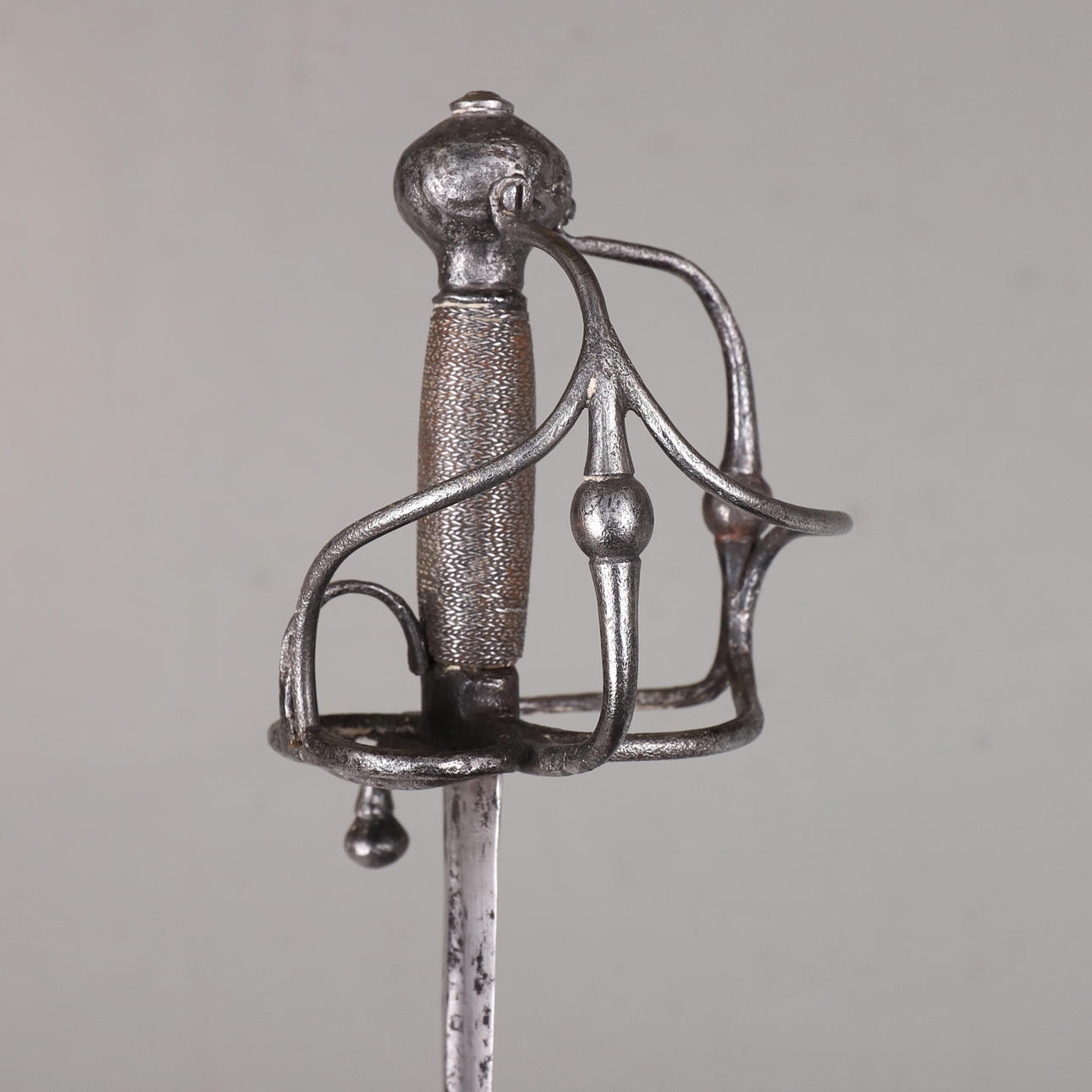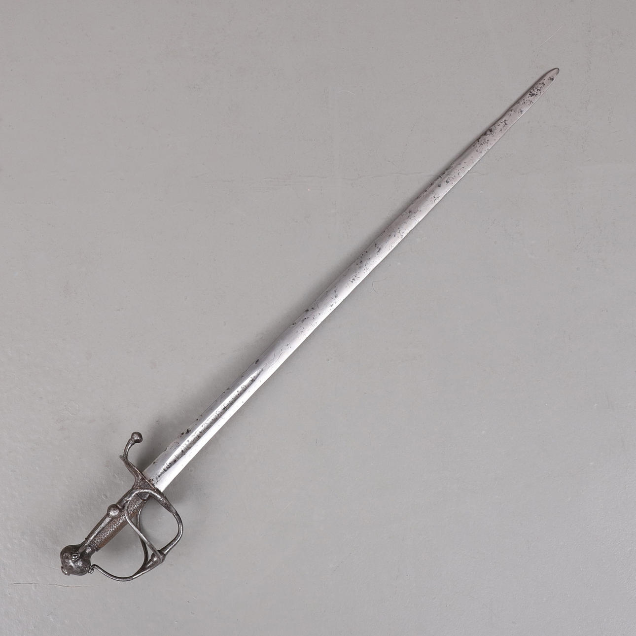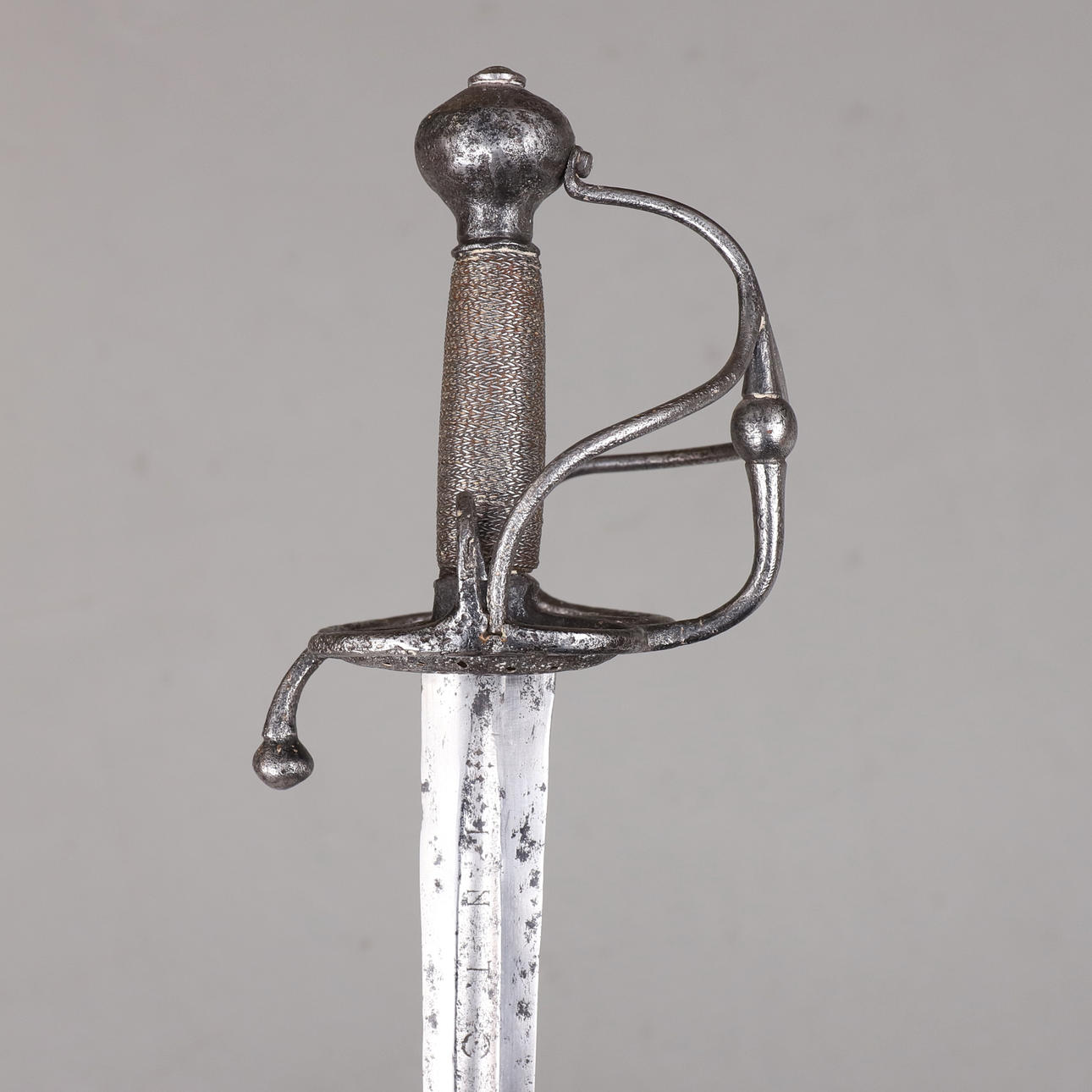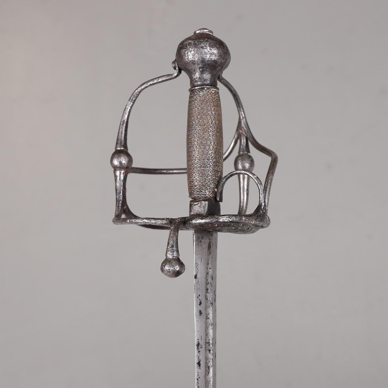 Åldersrelaterat slitage, korrosion, något böjd och avkortad klinga.
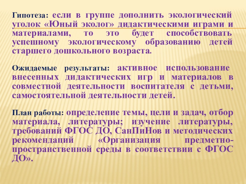 Слайд 4Гипотеза: если в группе дополнить экологический уголок «Юный эколог» дидактическими играми
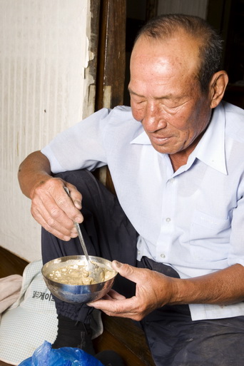 미숫가루를 타는 백균 어르신
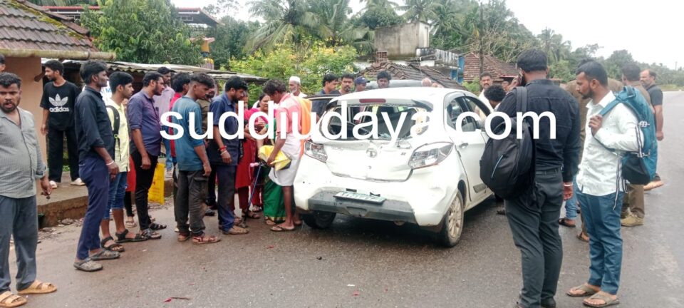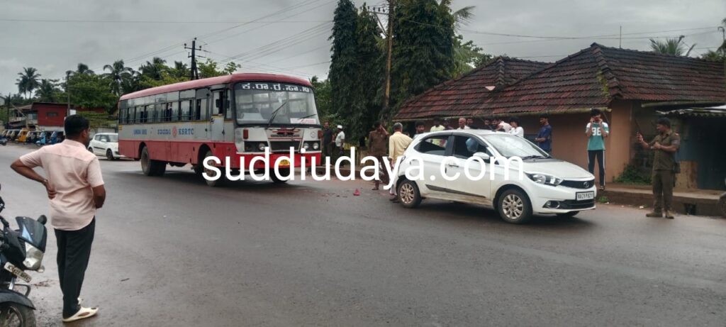 ಬೆಳ್ತಂಗಡಿ ಕಡೆಯಿಂದ ಮoಗಳೂರಿಗೆ ಸಾಗುತ್ತಿದ್ದ ಎದುರಿನಲ್ಲಿ ಚಲಿಸುತ್ತಿದ್ದ ಕಾರಿಗೆ ನಾಯಿ ಅಡ್ಡ ಬoದ ಕಾರಣ ಚಾಲಕ ಬ್ರೇಕ್ ಹಾಕಿದಾಗ ಹಿoದಿನಿoದ ಬರುತ್ತಿದ್ದ ಕಾರು ನಿಲ್ಲಿಸಿದಾಗ ಅದರ ಹಿಂದಿನಿoದ ಬರುತ್ತಿದ್ದ ಕೆ.ಎಸ್.ಆರ್.ಟಿ.ಸಿ ಚಿಕ್ಕಮಗಳೂರು ಮoಗಳೂರು ಎಕ್ಸ್ ಪ್ರೆಸ್ ಬಸ್ ಕಾರಿಗೆ ಡಿಕ್ಕಿ ಹೊಡೆದು ಕಾರು ಜಖo ಗೊoಡಿದೆ ಪ್ರಯಾಣಿಕರು ಅಪಾಯದಿಂದ ಪಾರಾಗಿದ್ದಾರೆ.
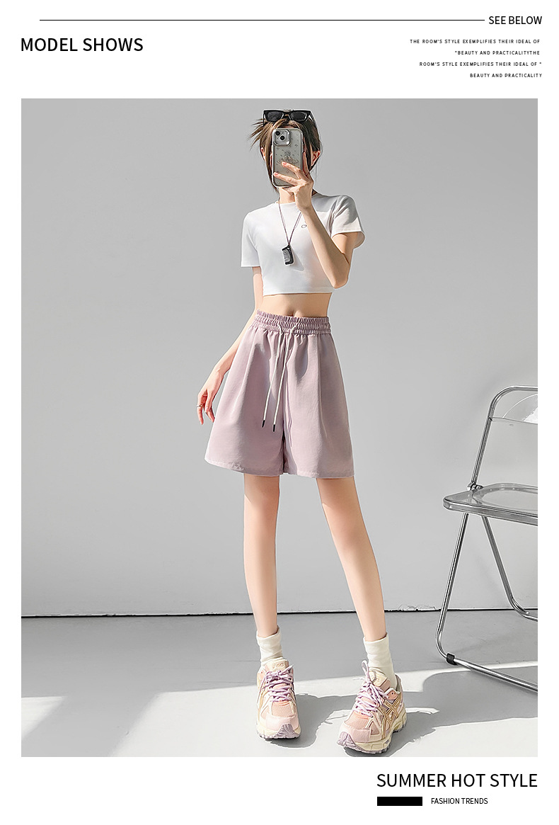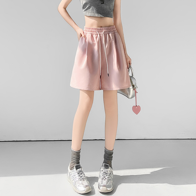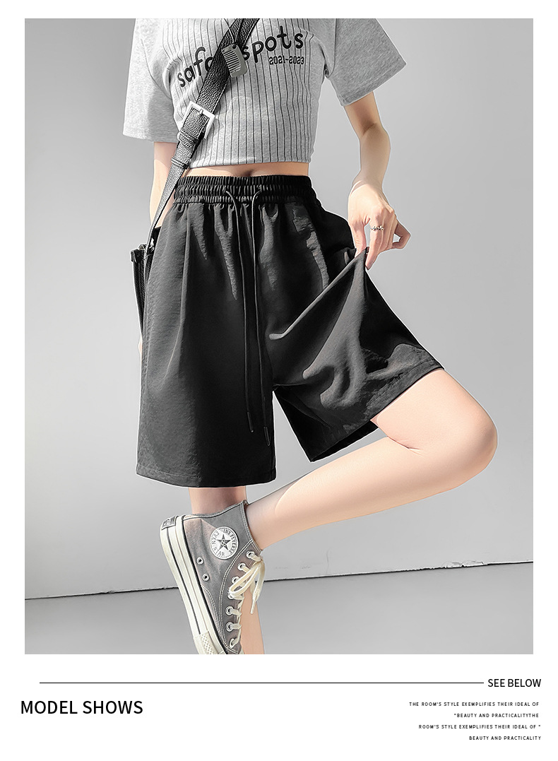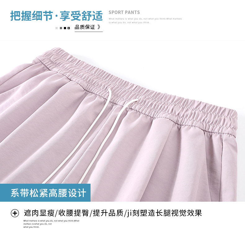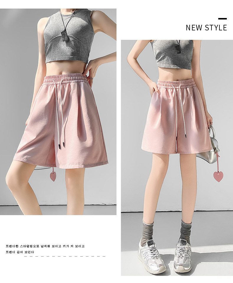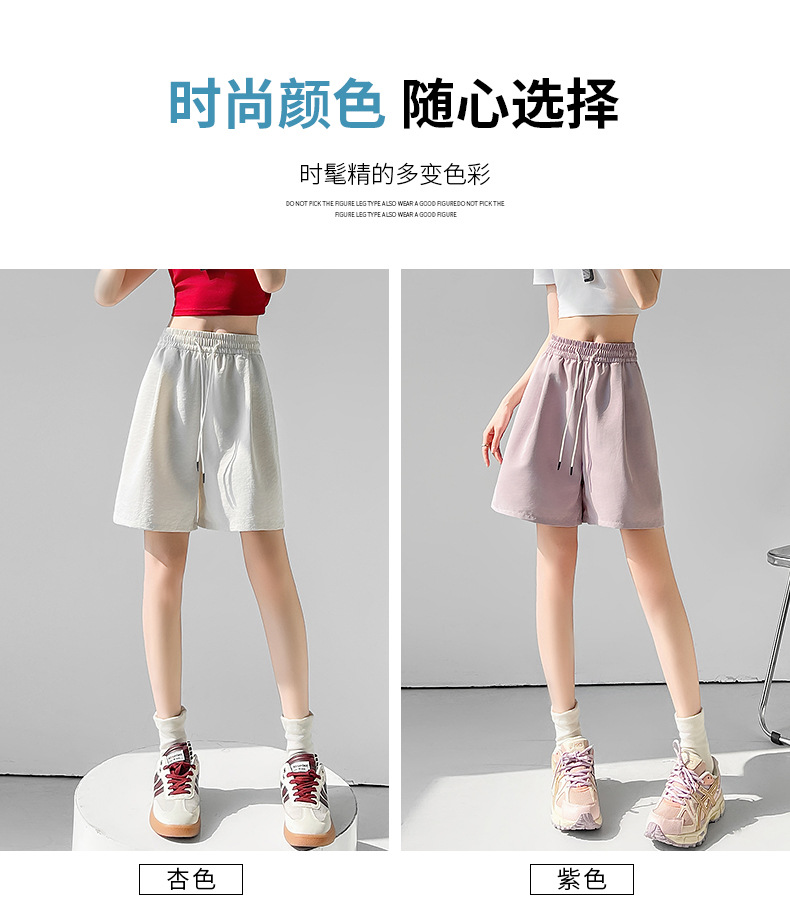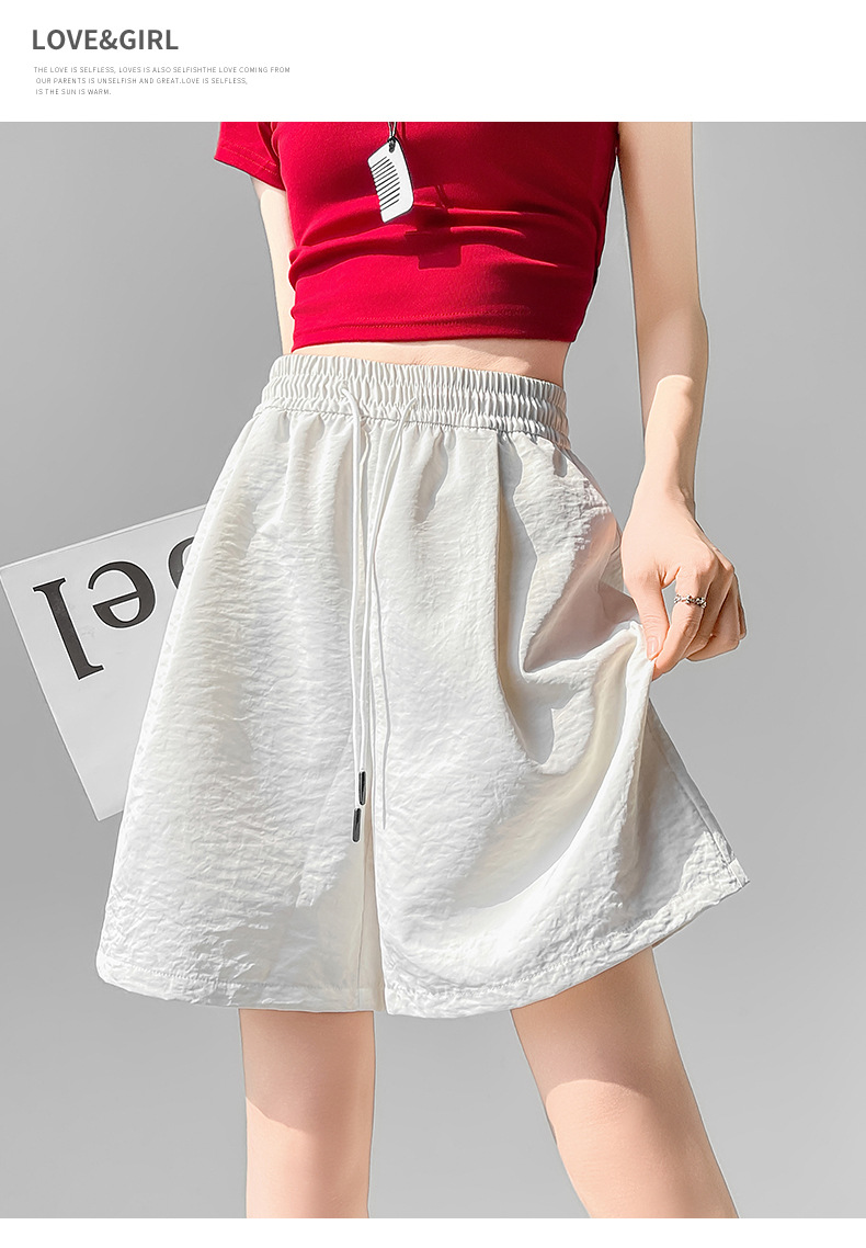 밀크 푸 아이스 실크 블루 반바지 여성 여름 얇은 2025 새로운 높은 허리 캐주얼 와이드 다리 바지 스포츠 야마모토 바지스토어 가기
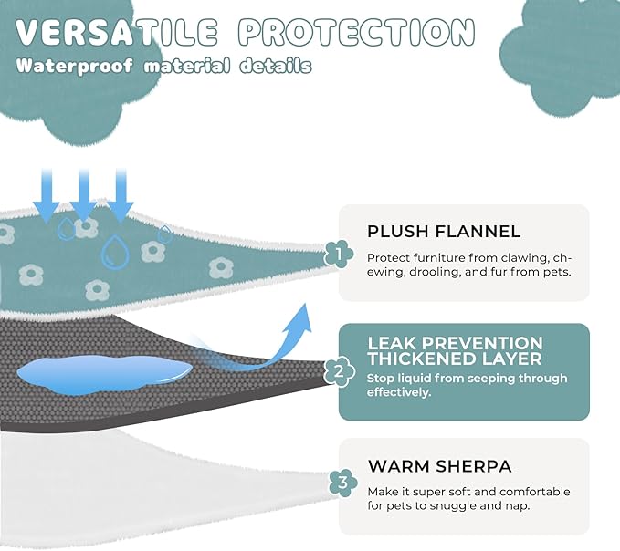- Waterproof & Leakproof Blanket: Our waterproof dog blanket features an internal lining that provides excellent defense against liquids, ensuring your pet and furniture remain dry and clean. Ideal for dogs, cats, and kittens, this pet blanket is perfect for both indoor and outdoor use, guaranteeing your pet's comfort when use this cute blanket.
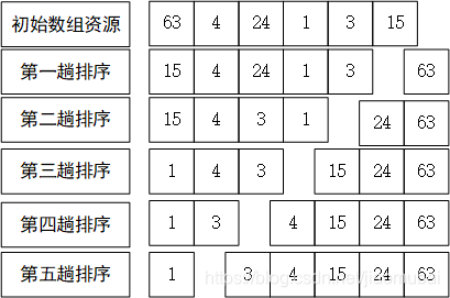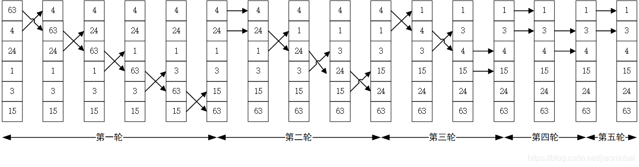 第一轮外层循环时把最大的元素63移动到了最后面,第二层循环便不再对最后一个元素63进行比较了,因为它已经被确认为最大的了,需要对比的是其他的剩余元素。于是第二轮比较将24移动到了63的前一个位置。其他循环将以此类推,继续完成排序任务。
━━━
**The task**
Could you output all of the records exactly, without their pictures?

**Written answer**
 Åldersrelaterat slitage, korrosion, något böjd och avkortad klinga.
 Слайд 4Гипотеза: если в группе дополнить экологический уголок «Юный эколог» дидактическими играми
 미숫가루를 타는 백균 어르신
 ಬೆಳ್ತಂಗಡಿ ಕಡೆಯಿಂದ ಮoಗಳೂರಿಗೆ ಸಾಗುತ್ತಿದ್ದ ಎದುರಿನಲ್ಲಿ ಚಲಿಸುತ್ತಿದ್ದ ಕಾರಿಗೆ ನಾಯಿ ಅಡ್ಡ ಬoದ ಕಾರಣ ಚಾಲಕ ಬ್ರೇಕ್ ಹಾಕಿದಾಗ ಹಿoದಿನಿoದ ಬರುತ್ತಿದ್ದ ಕಾರು ನಿಲ್ಲಿಸಿದಾಗ ಅದರ ಹಿಂದಿನಿoದ ಬರುತ್ತಿದ್ದ ಕೆ.ಎಸ್.ಆರ್.ಟಿ.ಸಿ ಚಿಕ್ಕಮಗಳೂರು ಮoಗಳೂರು ಎಕ್ಸ್ ಪ್ರೆಸ್ ಬಸ್ ಕಾರಿಗೆ ಡಿಕ್ಕಿ ಹೊಡೆದು ಕಾರು ಜಖo ಗೊoಡಿದೆ ಪ್ರಯಾಣಿಕರು ಅಪಾಯದಿಂದ ಪಾರಾಗಿದ್ದಾರೆ.
 밀크 푸 아이스 실크 블루 반바지 여성 여름 얇은 2025 새로운 높은 허리 캐주얼 와이드 다리 바지 스포츠 야마모토 바지스토어 가기
- Waterproof & Leakproof Blanket: Our waterproof dog blanket features an internal lining that provides excellent defense against liquids, ensuring your pet and furniture remain dry and clean. Ideal for dogs, cats, and kittens, this pet blanket is perfect for both indoor and outdoor use, guaranteeing your pet's comfort when use this cute blanket.
 第一轮外层循环时把最大的元素63移动到了最后面,第二层循环便不再对最后一个元素63进行比较了,因为它已经被确认为最大的了,需要对比的是其他的剩余元素。于是第二轮比较将24移动到了63的前一个位置。其他循环将以此类推,继续完成排序任务。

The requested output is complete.